Exercise objective: If pictures appear in the lines below, skip them and copy exactly the lines from the one containing "Cedro Textured Knit Cotton Tee in Black" through the one containing "纽约联储经济学家将上述数据转", and nothing else.

Saved entries

* * * * * * *

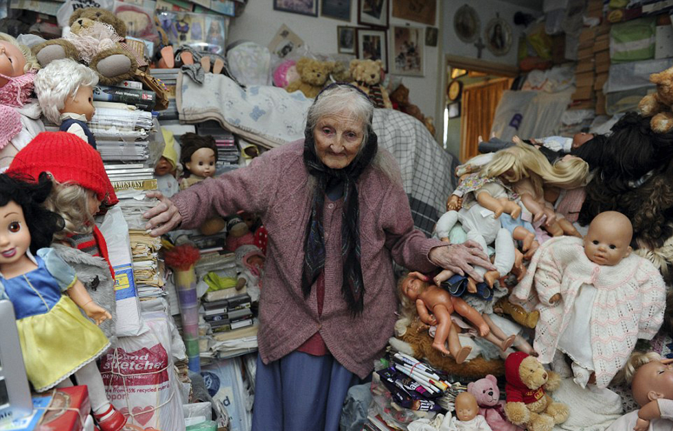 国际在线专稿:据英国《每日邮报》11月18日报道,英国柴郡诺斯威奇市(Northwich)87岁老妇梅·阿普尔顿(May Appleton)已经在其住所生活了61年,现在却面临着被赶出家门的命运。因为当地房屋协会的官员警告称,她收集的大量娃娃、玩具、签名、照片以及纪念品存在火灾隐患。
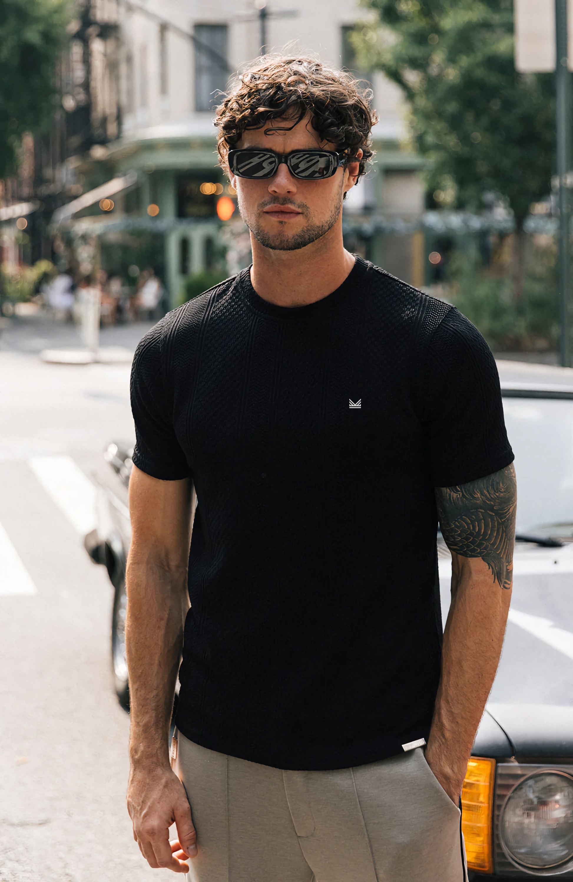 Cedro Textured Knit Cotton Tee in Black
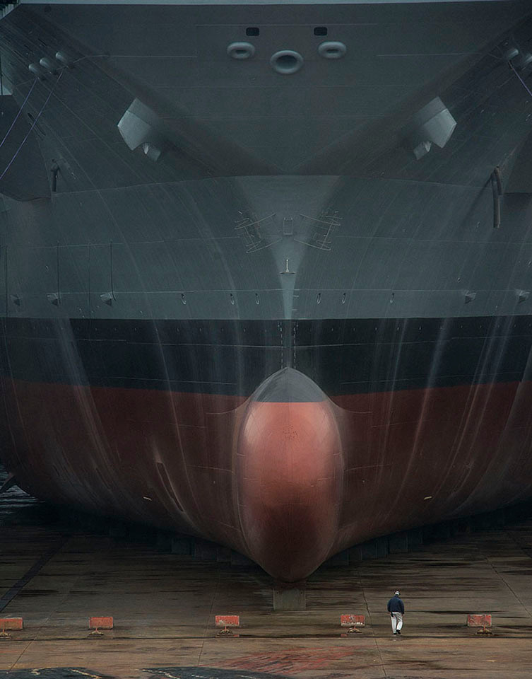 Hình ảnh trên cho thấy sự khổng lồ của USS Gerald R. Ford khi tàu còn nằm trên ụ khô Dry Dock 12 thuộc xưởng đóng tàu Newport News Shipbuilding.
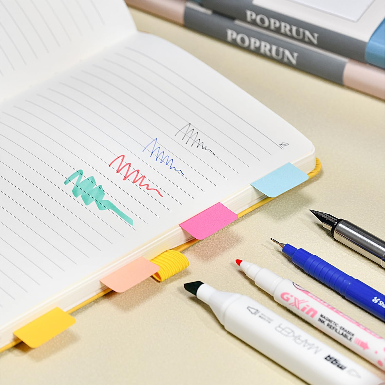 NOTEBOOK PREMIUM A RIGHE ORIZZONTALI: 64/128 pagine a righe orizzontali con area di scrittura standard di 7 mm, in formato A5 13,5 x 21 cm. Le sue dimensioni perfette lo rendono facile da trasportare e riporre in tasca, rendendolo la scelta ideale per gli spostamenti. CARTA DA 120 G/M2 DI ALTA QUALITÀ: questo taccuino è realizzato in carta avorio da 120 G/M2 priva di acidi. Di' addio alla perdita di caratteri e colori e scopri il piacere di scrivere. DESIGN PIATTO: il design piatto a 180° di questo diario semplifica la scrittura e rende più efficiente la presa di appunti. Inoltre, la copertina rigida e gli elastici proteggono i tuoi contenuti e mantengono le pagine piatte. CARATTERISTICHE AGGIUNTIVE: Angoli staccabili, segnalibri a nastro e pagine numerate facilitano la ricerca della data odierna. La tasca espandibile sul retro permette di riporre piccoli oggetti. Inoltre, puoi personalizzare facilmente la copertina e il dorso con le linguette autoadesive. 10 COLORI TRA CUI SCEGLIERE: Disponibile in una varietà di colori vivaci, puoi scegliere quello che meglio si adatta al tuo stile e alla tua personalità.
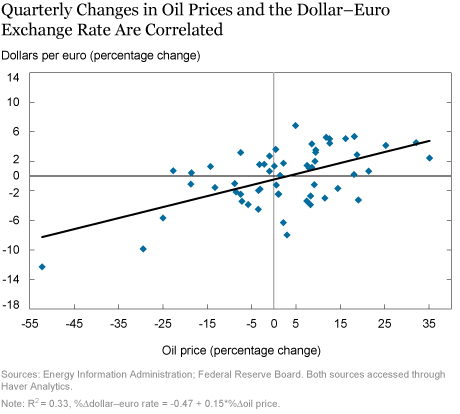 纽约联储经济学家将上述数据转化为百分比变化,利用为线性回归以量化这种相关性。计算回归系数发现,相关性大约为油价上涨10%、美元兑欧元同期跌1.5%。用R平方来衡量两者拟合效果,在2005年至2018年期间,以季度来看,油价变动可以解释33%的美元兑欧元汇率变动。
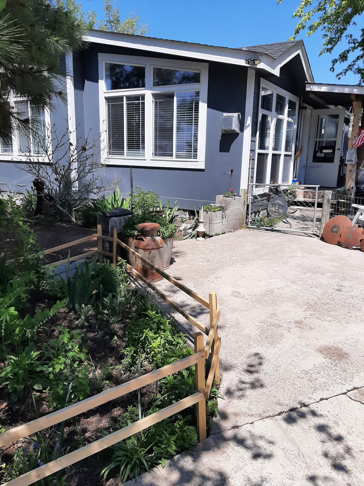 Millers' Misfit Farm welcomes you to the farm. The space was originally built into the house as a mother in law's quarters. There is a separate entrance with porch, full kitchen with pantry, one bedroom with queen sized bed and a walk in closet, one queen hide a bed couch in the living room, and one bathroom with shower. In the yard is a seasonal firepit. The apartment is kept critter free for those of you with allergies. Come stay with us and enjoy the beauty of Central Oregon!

* * * * * * *

Response area:
 Cedro Textured Knit Cotton Tee in Black
 Hình ảnh trên cho thấy sự khổng lồ của USS Gerald R. Ford khi tàu còn nằm trên ụ khô Dry Dock 12 thuộc xưởng đóng tàu Newport News Shipbuilding.
 NOTEBOOK PREMIUM A RIGHE ORIZZONTALI: 64/128 pagine a righe orizzontali con area di scrittura standard di 7 mm, in formato A5 13,5 x 21 cm. Le sue dimensioni perfette lo rendono facile da trasportare e riporre in tasca, rendendolo la scelta ideale per gli spostamenti. CARTA DA 120 G/M2 DI ALTA QUALITÀ: questo taccuino è realizzato in carta avorio da 120 G/M2 priva di acidi. Di' addio alla perdita di caratteri e colori e scopri il piacere di scrivere. DESIGN PIATTO: il design piatto a 180° di questo diario semplifica la scrittura e rende più efficiente la presa di appunti. Inoltre, la copertina rigida e gli elastici proteggono i tuoi contenuti e mantengono le pagine piatte. CARATTERISTICHE AGGIUNTIVE: Angoli staccabili, segnalibri a nastro e pagine numerate facilitano la ricerca della data odierna. La tasca espandibile sul retro permette di riporre piccoli oggetti. Inoltre, puoi personalizzare facilmente la copertina e il dorso con le linguette autoadesive. 10 COLORI TRA CUI SCEGLIERE: Disponibile in una varietà di colori vivaci, puoi scegliere quello che meglio si adatta al tuo stile e alla tua personalità.
 纽约联储经济学家将上述数据转化为百分比变化,利用为线性回归以量化这种相关性。计算回归系数发现,相关性大约为油价上涨10%、美元兑欧元同期跌1.5%。用R平方来衡量两者拟合效果,在2005年至2018年期间,以季度来看,油价变动可以解释33%的美元兑欧元汇率变动。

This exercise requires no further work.